[[ Input data open ]]
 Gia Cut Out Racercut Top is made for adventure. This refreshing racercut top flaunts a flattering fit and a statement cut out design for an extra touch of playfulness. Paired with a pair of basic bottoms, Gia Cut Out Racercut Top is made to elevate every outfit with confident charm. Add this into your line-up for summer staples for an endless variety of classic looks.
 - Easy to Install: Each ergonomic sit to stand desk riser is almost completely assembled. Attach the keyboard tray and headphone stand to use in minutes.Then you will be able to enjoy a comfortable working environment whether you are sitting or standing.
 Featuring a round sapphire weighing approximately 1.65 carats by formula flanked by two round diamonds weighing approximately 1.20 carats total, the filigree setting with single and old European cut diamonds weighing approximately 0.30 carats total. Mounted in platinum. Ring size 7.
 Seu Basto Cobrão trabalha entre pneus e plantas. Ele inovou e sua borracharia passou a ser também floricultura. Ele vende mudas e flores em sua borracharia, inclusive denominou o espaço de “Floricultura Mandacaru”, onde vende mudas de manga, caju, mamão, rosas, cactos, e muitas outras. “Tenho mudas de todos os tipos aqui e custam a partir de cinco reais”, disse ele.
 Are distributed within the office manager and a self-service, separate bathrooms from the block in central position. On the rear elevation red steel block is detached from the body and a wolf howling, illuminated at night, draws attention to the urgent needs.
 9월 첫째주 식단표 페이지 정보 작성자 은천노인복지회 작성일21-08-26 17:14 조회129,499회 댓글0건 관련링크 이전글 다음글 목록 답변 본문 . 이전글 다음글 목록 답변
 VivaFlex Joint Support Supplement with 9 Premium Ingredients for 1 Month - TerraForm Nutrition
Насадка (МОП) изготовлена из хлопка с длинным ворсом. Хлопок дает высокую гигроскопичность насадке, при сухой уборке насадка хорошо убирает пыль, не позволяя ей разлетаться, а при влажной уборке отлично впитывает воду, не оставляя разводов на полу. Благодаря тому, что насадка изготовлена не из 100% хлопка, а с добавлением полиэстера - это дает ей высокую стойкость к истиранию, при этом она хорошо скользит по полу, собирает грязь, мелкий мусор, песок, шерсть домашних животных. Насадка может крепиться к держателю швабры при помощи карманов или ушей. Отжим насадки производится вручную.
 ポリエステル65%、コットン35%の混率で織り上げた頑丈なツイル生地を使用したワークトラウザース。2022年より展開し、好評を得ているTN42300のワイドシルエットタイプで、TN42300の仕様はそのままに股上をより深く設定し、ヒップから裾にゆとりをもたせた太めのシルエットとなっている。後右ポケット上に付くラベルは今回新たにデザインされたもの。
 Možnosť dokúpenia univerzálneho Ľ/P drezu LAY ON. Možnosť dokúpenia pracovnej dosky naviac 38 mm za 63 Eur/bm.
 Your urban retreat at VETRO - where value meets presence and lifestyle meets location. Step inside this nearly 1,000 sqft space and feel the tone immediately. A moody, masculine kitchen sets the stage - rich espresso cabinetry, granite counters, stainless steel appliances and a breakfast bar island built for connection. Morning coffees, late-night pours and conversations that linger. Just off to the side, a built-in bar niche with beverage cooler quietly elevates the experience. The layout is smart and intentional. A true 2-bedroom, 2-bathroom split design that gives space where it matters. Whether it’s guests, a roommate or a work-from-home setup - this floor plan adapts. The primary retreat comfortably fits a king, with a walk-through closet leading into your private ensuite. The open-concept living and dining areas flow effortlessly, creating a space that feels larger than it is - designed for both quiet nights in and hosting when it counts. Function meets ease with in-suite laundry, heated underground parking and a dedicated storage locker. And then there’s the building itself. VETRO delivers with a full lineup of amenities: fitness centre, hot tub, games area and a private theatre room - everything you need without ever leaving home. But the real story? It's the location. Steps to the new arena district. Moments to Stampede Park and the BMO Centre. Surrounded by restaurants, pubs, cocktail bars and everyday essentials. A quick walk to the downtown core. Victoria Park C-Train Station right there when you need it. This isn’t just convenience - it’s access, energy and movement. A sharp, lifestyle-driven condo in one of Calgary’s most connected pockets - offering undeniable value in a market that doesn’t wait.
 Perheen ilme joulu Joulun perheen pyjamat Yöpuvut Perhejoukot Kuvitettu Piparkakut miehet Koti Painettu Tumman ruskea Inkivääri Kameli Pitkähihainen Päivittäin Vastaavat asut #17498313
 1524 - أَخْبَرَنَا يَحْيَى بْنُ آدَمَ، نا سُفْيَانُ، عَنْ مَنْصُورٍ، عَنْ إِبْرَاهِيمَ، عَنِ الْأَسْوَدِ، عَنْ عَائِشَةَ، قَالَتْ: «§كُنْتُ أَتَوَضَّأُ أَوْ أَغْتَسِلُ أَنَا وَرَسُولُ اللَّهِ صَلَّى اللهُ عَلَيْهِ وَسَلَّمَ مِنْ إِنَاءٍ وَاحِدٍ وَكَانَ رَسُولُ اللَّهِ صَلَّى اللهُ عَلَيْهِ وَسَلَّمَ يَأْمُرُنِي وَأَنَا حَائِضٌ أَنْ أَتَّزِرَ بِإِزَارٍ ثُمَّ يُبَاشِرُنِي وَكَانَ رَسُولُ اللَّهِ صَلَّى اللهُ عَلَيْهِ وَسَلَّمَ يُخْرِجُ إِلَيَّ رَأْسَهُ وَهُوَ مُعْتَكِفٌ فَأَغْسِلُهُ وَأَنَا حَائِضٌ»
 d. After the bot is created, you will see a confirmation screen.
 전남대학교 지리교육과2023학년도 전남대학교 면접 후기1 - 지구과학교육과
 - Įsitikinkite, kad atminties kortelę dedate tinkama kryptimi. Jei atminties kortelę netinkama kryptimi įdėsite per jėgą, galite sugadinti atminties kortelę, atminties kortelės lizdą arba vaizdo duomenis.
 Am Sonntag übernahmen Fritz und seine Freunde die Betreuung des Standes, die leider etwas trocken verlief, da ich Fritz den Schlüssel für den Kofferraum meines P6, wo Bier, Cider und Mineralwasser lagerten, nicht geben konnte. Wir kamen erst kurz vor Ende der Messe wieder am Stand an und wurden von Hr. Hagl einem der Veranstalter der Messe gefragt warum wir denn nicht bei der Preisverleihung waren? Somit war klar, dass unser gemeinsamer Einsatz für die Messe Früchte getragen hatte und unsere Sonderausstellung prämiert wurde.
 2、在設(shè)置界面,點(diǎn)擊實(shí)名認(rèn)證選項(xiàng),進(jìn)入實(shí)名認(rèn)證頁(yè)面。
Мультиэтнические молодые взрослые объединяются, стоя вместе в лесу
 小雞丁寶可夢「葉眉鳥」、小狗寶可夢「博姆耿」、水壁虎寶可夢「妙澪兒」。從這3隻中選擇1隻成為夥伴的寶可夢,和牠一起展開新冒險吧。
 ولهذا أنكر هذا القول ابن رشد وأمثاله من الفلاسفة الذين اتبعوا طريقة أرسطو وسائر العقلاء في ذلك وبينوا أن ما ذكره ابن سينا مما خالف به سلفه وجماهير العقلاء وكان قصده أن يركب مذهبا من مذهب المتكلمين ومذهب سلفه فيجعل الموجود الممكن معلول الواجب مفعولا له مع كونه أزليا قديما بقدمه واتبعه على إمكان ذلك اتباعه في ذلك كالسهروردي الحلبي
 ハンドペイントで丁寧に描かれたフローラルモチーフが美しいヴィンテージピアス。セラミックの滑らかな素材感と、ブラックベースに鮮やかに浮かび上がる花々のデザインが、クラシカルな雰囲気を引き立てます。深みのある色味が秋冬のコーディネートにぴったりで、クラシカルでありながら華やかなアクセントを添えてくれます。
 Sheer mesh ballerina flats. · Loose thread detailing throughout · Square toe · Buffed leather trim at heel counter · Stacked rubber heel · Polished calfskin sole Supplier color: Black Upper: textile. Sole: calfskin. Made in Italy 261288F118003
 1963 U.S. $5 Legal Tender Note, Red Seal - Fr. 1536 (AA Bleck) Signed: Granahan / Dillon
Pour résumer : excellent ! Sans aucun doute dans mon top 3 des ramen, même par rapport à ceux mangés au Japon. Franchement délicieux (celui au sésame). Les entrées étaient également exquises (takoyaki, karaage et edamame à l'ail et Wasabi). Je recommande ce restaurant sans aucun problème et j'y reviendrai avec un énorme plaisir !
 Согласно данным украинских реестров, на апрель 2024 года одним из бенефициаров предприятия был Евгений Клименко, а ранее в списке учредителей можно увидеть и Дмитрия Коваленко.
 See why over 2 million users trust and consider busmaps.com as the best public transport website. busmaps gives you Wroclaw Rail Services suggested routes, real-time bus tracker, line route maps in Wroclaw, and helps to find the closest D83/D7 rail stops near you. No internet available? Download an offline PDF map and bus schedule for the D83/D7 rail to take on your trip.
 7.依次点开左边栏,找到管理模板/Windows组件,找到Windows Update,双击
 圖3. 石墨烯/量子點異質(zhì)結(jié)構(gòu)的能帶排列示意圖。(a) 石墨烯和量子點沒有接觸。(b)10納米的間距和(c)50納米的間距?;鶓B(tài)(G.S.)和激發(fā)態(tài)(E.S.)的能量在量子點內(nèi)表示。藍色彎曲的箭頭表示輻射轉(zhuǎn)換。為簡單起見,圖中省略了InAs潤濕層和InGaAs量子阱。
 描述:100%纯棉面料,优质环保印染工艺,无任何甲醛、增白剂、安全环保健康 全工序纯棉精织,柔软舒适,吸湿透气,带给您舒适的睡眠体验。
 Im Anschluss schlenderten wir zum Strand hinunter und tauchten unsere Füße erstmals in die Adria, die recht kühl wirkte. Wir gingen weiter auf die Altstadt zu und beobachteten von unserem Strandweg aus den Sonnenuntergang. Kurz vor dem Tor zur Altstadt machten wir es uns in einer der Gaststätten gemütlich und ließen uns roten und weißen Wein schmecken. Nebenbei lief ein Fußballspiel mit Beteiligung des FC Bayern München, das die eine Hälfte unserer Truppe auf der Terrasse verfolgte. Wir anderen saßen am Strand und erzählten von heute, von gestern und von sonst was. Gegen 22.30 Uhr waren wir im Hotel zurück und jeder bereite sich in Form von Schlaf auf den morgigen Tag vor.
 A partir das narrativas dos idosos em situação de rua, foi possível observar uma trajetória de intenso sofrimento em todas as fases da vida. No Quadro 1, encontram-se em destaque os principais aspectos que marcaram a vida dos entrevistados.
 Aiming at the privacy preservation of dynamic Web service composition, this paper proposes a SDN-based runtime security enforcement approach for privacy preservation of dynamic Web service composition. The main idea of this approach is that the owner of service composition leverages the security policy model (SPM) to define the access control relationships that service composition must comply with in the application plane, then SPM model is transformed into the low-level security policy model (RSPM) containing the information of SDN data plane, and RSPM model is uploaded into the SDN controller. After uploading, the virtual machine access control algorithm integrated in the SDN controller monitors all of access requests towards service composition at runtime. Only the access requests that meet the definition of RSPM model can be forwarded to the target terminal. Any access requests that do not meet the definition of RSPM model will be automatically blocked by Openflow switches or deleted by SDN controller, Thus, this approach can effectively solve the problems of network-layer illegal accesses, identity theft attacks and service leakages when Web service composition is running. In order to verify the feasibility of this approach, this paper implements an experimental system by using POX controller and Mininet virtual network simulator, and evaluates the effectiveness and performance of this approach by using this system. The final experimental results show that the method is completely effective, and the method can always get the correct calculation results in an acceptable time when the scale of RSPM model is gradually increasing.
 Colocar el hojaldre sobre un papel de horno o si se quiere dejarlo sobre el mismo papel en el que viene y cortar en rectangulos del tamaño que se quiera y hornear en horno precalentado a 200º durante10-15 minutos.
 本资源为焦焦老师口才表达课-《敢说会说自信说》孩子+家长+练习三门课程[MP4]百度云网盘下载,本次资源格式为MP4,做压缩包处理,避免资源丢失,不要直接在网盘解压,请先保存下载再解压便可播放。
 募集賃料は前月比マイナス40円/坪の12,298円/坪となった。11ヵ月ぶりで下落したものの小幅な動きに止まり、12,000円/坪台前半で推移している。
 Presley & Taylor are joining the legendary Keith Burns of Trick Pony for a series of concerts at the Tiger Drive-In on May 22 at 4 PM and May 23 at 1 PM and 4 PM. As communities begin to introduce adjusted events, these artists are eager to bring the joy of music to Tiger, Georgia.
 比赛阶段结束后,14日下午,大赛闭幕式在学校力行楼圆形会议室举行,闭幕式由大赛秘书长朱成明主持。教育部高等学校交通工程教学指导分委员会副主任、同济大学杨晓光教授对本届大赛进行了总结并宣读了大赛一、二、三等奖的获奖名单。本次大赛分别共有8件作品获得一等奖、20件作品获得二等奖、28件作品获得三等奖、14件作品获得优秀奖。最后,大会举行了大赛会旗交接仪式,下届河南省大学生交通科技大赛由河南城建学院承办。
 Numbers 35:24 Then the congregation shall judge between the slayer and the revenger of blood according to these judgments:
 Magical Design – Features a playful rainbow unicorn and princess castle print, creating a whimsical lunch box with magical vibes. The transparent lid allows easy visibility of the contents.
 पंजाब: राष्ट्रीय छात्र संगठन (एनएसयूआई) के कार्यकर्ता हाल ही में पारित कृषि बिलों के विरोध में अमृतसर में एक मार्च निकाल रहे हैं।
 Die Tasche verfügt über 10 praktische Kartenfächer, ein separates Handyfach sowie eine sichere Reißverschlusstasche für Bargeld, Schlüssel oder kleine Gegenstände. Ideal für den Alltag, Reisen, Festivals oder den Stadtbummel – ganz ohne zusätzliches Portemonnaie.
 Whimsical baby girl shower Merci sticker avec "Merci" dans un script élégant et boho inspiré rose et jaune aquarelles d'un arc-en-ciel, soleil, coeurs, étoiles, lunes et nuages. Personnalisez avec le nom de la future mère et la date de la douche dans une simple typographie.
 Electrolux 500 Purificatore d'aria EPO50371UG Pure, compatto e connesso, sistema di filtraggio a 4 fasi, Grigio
[[ Input data closed ]]
Could you restate word for word the lines above from the one containing "Are distributed within" through the one containing "VivaFlex Joint Support", both included, and nothing else?

 Are distributed within the office manager and a self-service, separate bathrooms from the block in central position. On the rear elevation red steel block is detached from the body and a wolf howling, illuminated at night, draws attention to the urgent needs.
 9월 첫째주 식단표 페이지 정보 작성자 은천노인복지회 작성일21-08-26 17:14 조회129,499회 댓글0건 관련링크 이전글 다음글 목록 답변 본문 . 이전글 다음글 목록 답변
 VivaFlex Joint Support Supplement with 9 Premium Ingredients for 1 Month - TerraForm Nutrition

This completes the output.